As a personal finance blogger, most people assume I’ve always had a knack for money. I must admit, I’ve made a lot of mistakes over the years and the reason I started blogging was because I didn’t want anyone to make those same mistakes.
I’m actually happy I made money mistakes over the years because it forced me to seriously take a look at my finances. We all go through these stages and you’ll see from my journey that you become a do-it-yourself (DIY) investor in no time.
Investing for the first time
The one thing that I would say that put me ahead of others was the fact that my parents encouraged me to start saving for retirement as soon as I landed my first job. Although I was putting away just $50 a month, compounding worked its magic.
Like most people, I started investing in mutual funds. I went to the bank and told them I wanted to start saving for retirement. The investment representative recommended a fund without really explaining what I was buying. I assumed everyone at the bank was there to help. To be fair, they helped me set up automatic withdrawal payments. But beyond that, I never heard from them again.

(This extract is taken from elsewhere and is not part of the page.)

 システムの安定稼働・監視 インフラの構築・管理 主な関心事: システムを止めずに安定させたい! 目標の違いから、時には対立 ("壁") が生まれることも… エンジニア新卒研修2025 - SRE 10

Of course, I followed up on my own every year. The investment representatives would read stats off their screen and sell me new funds, but I never felt there was a real plan in place. It just seemed to me that they really didn’t care about me as a person, which is why I decided to jump ship.
Working with an investment firm
When a former coworker approached me about moving my investments to his firm, it really didn’t take much convincing. He was a smooth talker and seemed to be much more interested in being proactive with my investments so I made the switch. I should note that the only time my bank called me to talk about my investments was when they saw the transfer request.

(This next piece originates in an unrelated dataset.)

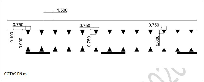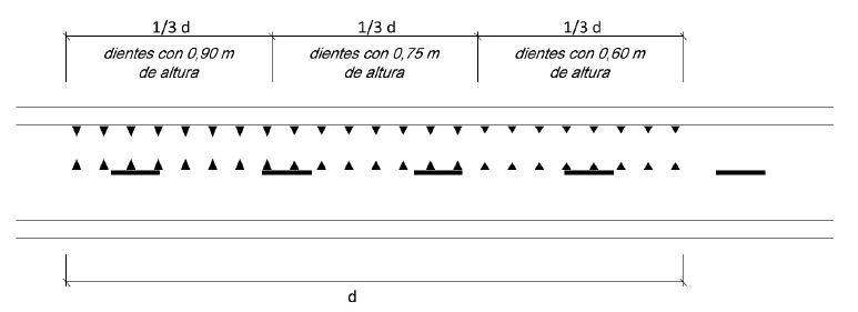 Se podrán disponer estas marcas en la sección previa a un tramo en el que debe reducirse la velocidad de circulación notablemente con respecto al tramo precedente –por ejemplo, al acceder a una travesía o vía urbana-, y en el que los conductores deberán adaptar su conducción a las nuevas circunstancias del entorno de la carretera –como puede ser la presencia de peatones-. La longitud del tramo en el que se dispongan los dientes de dragón será aproximadamente de entre 50 y 150 m, teniendo en cuenta las características tanto de la infraestructura como del entorno. En cuanto a la geometría de los «dientes», serán triángulos isósceles, con una base de 0,75 m. En cuanto a su altura, los situados en el primer tercio del tramo serán de 0,60 m, los situados en el tercio siguiente de 0,75 m y de 0,90 m los del último tercio.

My advisor’s presentations were slick. He had projections and made it sound like I could be a millionaire and afford anything. Of course, I believed it all. He would meet with me every three months and talk about his plan, and best of all he barely charged me anything for his services. But then reality sunk in.
After posting on a forum about the low fees I was paying, a random stranger messaged me to tell me that my advisor was most definitely charging me much more than I thought. After investigating the claims this stranger had made, I was shocked to find out that he was right. The funds I was invested in had a high management expense ratio (MER), which is the annual fee to pay for the fund’s operating expenses. And they also had a significant deferred sales charge (DSC), which is a back-end fee you’ll pay if you sell your funds within a certain amount of time (the fee is usually waived after five to seven years). Neither of these fees were ever disclosed to me.
Deciding to go DIY
I rightly felt cheated by my advisor so I started to research everything I could about personal finance. Fortunately for me, the same stranger suggested I read David Chilton’s The Wealthy Barber and to look into the couch potato strategy.
With this newfound knowledge—which took about 40 hours total—I felt comfortable managing my own finances. I transferred my funds out of my investment firm and fired my advisor. I was even able to get the DSCs waived since I proved that my advisor wasn’t looking out for my own interests.
I admit that being a DIY investor isn’t for everyone. Even if you decide to be an index investor, it still requires some work and it’s always possible to still make mistakes. The reason it works is because my experience with my advisor made me realize that no one will care more about my money except for me. Now when I make a mistake, I have no one to blame but myself.